Interventional Experiment Design for Causal Structure Learning
This work addresses a fundamental challenge in causal inference for researchers and practitioners, offering incremental algorithmic improvements for intervention design in structure learning.
The paper tackles the problem of learning causal directed acyclic graphs (DAGs) beyond Markov equivalence by designing non-adaptive interventions with a budget constraint, aiming to maximize the number of edges whose directions are identified. It proposes efficient algorithms for tree structures and extends them to general causal structures, with evaluation on synthetic and real data showing improved edge identification.

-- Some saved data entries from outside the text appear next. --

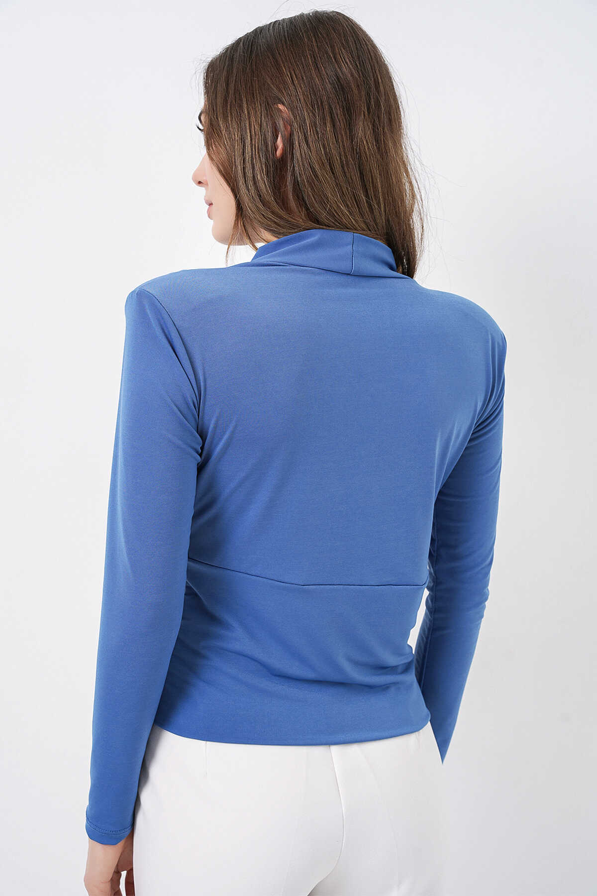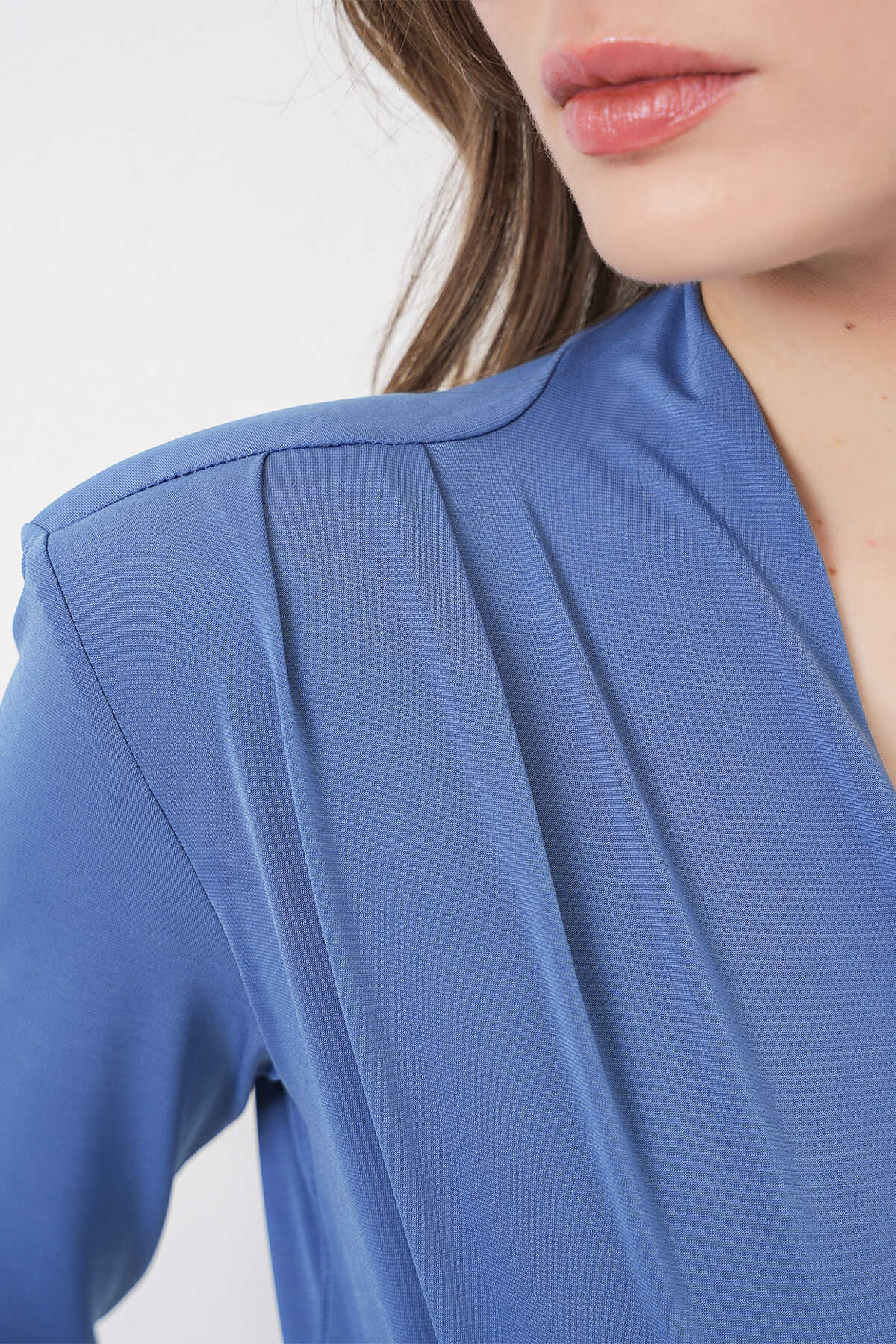 Kadın Omuz Vatkalı Kruvaze Yaka Bluz 942 - İndigo - Kombin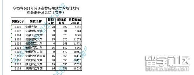 安徽2018年普通高校招生地方專項(xiàng)計(jì)劃投檔最低分及名次(文史)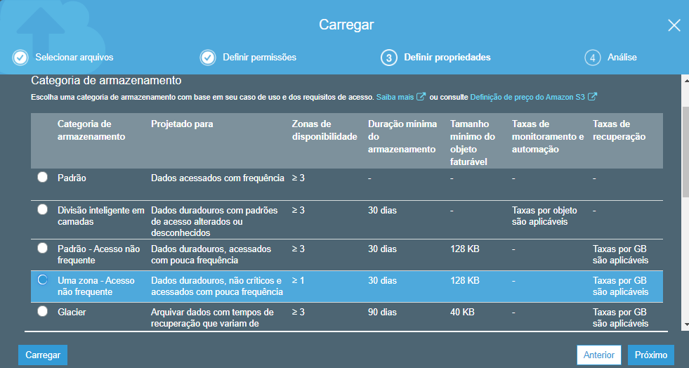 Em seguida, selecione o tipo de armazenamento atribuído ao objeto, conforme apresentado na Figura 7, selecione o armazenamento do tipo “Uma zona - Acesso Não frequente” e clique em ‘Próximo’.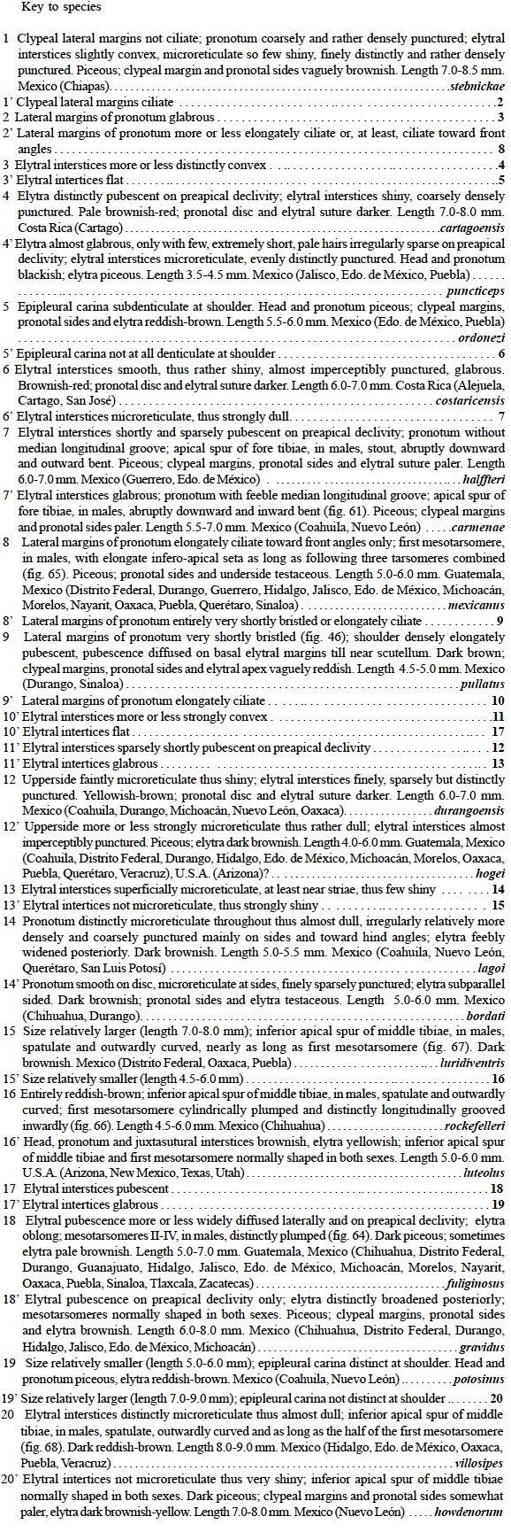 Material examined: MEXICO -Durango: Buenos Aires, 7 mi. SW, 8800 ft., 20.VII.1982, leg. Andrews F. G. (cowdung), 3 exx. (CSCAG); Coyotes, 8300 ft., Durango Dist., 8.VIII.1947, leg. Cazier, D. Rockefeller Exp., 1 ex. (AMNHNY); Durango, 6200 ft., 14.VIII.1947, leg. Gertsch, D. Rockefeller Exp., 1 ex. (AMNHNY); Durango, 26.5 mi. SW, 21.VII.1982, leg. Andrews F. G. (blacklight), 3 exx. (CSCAG); El Salto, 12.VII.1990, leg. J. Stamatov, 2 exx. (AMNHNY); El Salto, 6 mi. N.E., 8500 ft., Durango Dist., 10.VIII.1947, leg. Cazier, D. Rockefeller Exp., 5 exx. (AMNHNY); idem, 10.VIII.1947, leg. Schramel, D. Rockefeller Exp., 1 ex. (AMNHNY); El Salto 28 mi. E, 8000 ft., 22.VII.1964, leg. Chemsak J. A. & Powell J. (black & white lights), 1 ex. (EMEB); km 125 carr. El Salto-Mazatlán, El Salto dint. W, m 2400, 23°45’20.6"N-105°31’17.0"W, 20.VII.2004, leg. Dellacasa M. & Martínez I. (horse dung), 18 exx. (DCG); Nueva Patria [Santo Domingo], carr.-S. Miguel de Cruces, m 1950, 24°05’07.5"N-105°27’16.7"W, 19.VII.2004, leg. Dellacasa M. & Martínez I. (bosque pino-encino, horse dung), 159 exx. (DCG); Otinapa dint., m 1200, 24°03’26.5"N-105°00’29.6"W, 19.VII.2004, leg. Dellacasa M. & Martínez I., 61 exx. (DCG); Rancho la Peña, 20.VI.1979, leg. Zunino M., 3 exx. (DCG); Res. Biosf. La Michilía, El Alemán, m 2250, 23°20’15"N-104°10’13"W, 30.VI.2004, leg. Huerta C. & Anduaga S., 1 ex. (DCG); Guerrero: carr. Tlatlauquitepec-Zapotitlán Tablas, Crucero el 12, m 2200, 17°28’56.2"N-98°50’16.7"W, 23.VII.2003, leg. Dellacasa M. & Martínez I., 127 exx. (MSNTC, DCG); carr.-Olinalá, 1.5 km desp. Tres Caminos, m 1750, 17°35’37"N-98°44’19"W, 22.VII.2003, leg. Dellacasa M. & Martínez I., 123 exx. (MSNTC, DCG); Hidalgo: Mineral del Chico, 20°13’00.3"N-98°43’51.1"W, m 2358, 4.VII.2005, leg. Dellacasa M. & Martínez I., 4 exx. (MSNTC); Tejocotal dint., 20°08’07.5"N-98°09’08.6"W, m 2136, 5.VII.2005, leg. Dellacasa M. & Martínez I., 228 exx. (MSNTC); Zacualtipán, leg. Hoge, 1 ex. (DCG); Jalisco: Concepción B. Aires, Paso Hondo, 12.VI.2003, leg. Curoe D. & Nogueira, 1 ex. (USNMW); carr.-Copála, Copála dint., m 1800, 19°60’N-103°76’W, 28.VII.2003, leg. Dellacasa M. & Martínez I., 7 exx. (MSNTC, DCG); Puerto Los Mazos, 8 Km SE, Camino de Microondas, 19.VII.1994, leg. McCarty J. D., 1 ex. (EMEB); México: Aculco env., 20°02’08.6"N-99°51’05.3"W, m 2615, 7.VII.2006, leg. Dellacasa M., Fresi C. & Martínez I., 68 exx. (DCG, MSNTC); carr.-Valle de Bravo, Rancheria San Antonio, m 2250, 19°19’N-100°05’W, 27.VII.2001, leg. Dellacasa M. & Martínez I., 66 exx. (MSNTC, DCG); Chalma, m 1550, 5.VII.1980, leg. Zunino M., 3 exx. (DCG); rd. Mex-15 Zitácuaro-Toluca, El Jacal, m 2300, 19°24’13.1N-100°05’53.9W, 27.VII.2001, leg. Dellacasa M., 7 exx. (MSNTC); Real de Arriba, Temescaltepec, VII.1932, leg. Hinton H. E. & Usinger R. L., 1 ex. (DCG); idem, VII.1933, leg. Hinton H. E. & Usinger R. L., 1 ex. (USNMW); Tejupilco, Temescaltepec, VII.1932, 1 ex. (USNMW); Michoacán: Cruz Gorda dint., 19°22’44.6"N-101°29’47.3"W, m 2706, 30.VI.2005, leg. Dellacasa M. & Martínez I., 162 exx. (DCG, MSNTC); idem, m 2250, 19°21’58.5"N-101°29’33.1"W, 25.VII.2003, leg. Dellacasa M. & Martínez I., 3 exx. (DCG); Los Azufres, 19°49’54.8"N-100°39’40.7"W, m 2916, 2.VII.2005, leg. Dellacasa M. & Martínez I., 40 exx. (MSNTC); idem, m 2550, 19°49’57.2"N-100°39’42.2"W, 22.VII.2004, leg. Dellacasa M. & Martínez I., 7 exx. (DCG); Patambán dint., m 1800, 19°38’19.8"N-102°16’29.2"W, 26.VII.2003, leg. Dellacasa M. & Martínez I., 2 exx. (MSNTC); rd. Mex-15 Morelia-Cd. Hidalgo, Mil Cumbres, m 2000, 19°39’N-100°59’W, 26.VII.2001, leg. Dellacasa M. & Martínez I., 1 ex. (MSNTC); rd. Mex-41 Pátzcuaro-Tacámbaro, La Estacada, m 2450, 19°24’N-101°22’W, 25.VII.2001, leg. Dellacasa M. & Martínez I., 7 exx. (DCG, MSNTC); rd. Mex-41 Pátzcuaro-Tacámbaro, Santa Clara del Cobre dint., m 2200, 19°24’N-101°35’W, 25.VII.2001, leg. Dellacasa M. & Martínez I., 1 ex. (MSNTC); Tacámbaro, 25.VII.2001, leg. Dellacasa M. & Martínez I., 4 exx. (DCG); Uruapan, 28.11.1980, leg. Zunino M., 1 ex. (DCG); Nayarit: Ahuacatlán 6 mi. W, 19.VII.1954, leg. Schlinger E. I., 1 exx. (EMEB); Mirador Barranca del Oro, m 1650, 20°59’35.0"N-104°27’56.9"W, 1.VIII.2003, leg. Dellacasa M. & Martínez I., 8 exx. (MSNTC, DCG); Oaxaca: carr. Mex-135 ante Sola de Vega, 1900 m, 16°27’50.0"N-96°59’27.9"W, 5.VII.2002, leg. Dellacasa M. & Martínez I., 65 exx. (MSNTC); carr. Mex-135, Cieneguilla dint., 2000 m, 17°28’08.4"N-96°56’18.7"W, 9.VII.2002, leg. Dellacasa M. & Martínez I., 2 exx. (MSNTC); El Cerezal, 36 Km NE Oaxaca, m 2300, 12.VI.1979, leg. Howden H. & A., 1 ex. (HAHCO); Ixtlan, 14 mi. S, 7500’, 27.VII.1971, leg. Newton A., 2 ex. (HAHCO); Mpio. San Mateo Río Hondo, El Manzanal, 2500 m, 16°07’57.4N-96°29’48.5"W, 6.VII.2002, leg. Dellacasa M. & Martínez I., 46 exx. (MSNTC); Oaxaca, 22 Km NE, m 2600, 12.VI.1979, leg. Howden H. & A., 1 ex. (HAHCO); rd. Mex-135, San Gabriel Mixtepec dint., 2600 m, 16°13’13.8"N-97°08’55.7"W, 9.VII.2002, leg. Dellacasa M. & Martínez I., 1 ex. (MSNTC); rd. Mex-175 Oaxaca-Tuxtepec, La Cumbre, 2500 m, 17°10’31.2"N-96°36’14.2"W, 10.VII.2002, leg. Dellacasa M. & Martínez I., 4 exx. (MSNTC); rd. Mex-175-Miahuatlán, San José Pacifico, 2250 m, 16°09’55.4N-96°30’07.1"W, 6.VII.2002, leg. Dellacasa M. & Martínez I., 18 exx. (MSNTC); rd. Mitla-S. Pablo Ayutla, Laguna San Pablo, 1800 m, 16°59’29.0"N-96°07’41.0W, 7.VII.2002, leg. Dellacasa M. & Martínez I., 10 exx. (MSNTC); San Pablo Ayutla dint., 1800 m, 17°01’06.1"N-96°05’54.8"W, 7.VII.2002, leg. Dellacasa M. & Martínez I., 36 exx. (MSNTC); Sola de Vega, 5 Km S, m 1600, 4-9.VII.2005, leg. Curoe D., 1 ex. (USNMW); Suchixtepec, 8 Km S, Río Molino, m 2200, 16.VI.1979, leg. Howden H. & A., 2 exx. (HAHCO); Puebla: Venta Grande, 20°07’29.0"N-98°06’07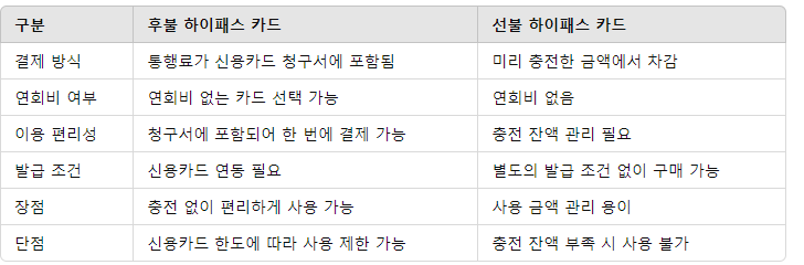 후불 하이패스 카드와 선불 하이패스 카드 비교

It is known that from purely observational data, a causal DAG is identifiable only up to its Markov equivalence class, and for many ground truth DAGs, the direction of a large portion of the edges will be remained unidentified. The golden standard for learning the causal DAG beyond Markov equivalence is to perform a sequence of interventions in the system and use the data gathered from the interventional distributions. We consider a setup in which given a budget $k$, we design $k$ interventions non-adaptively. We cast the problem of finding the best intervention target set as an optimization problem which aims to maximize the number of edges whose directions are identified due to the performed interventions. First, we consider the case that the underlying causal structure is a tree. For this case, we propose an efficient exact algorithm for the worst-case gain setup, as well as an approximate algorithm for the average gain setup. We then show that the proposed approach for the average gain setup can be extended to the case of general causal structures. In this case, besides the design of interventions, calculating the objective function is also challenging. We propose an efficient exact calculator as well as two estimators for this task. We evaluate the proposed methods using synthetic as well as real data.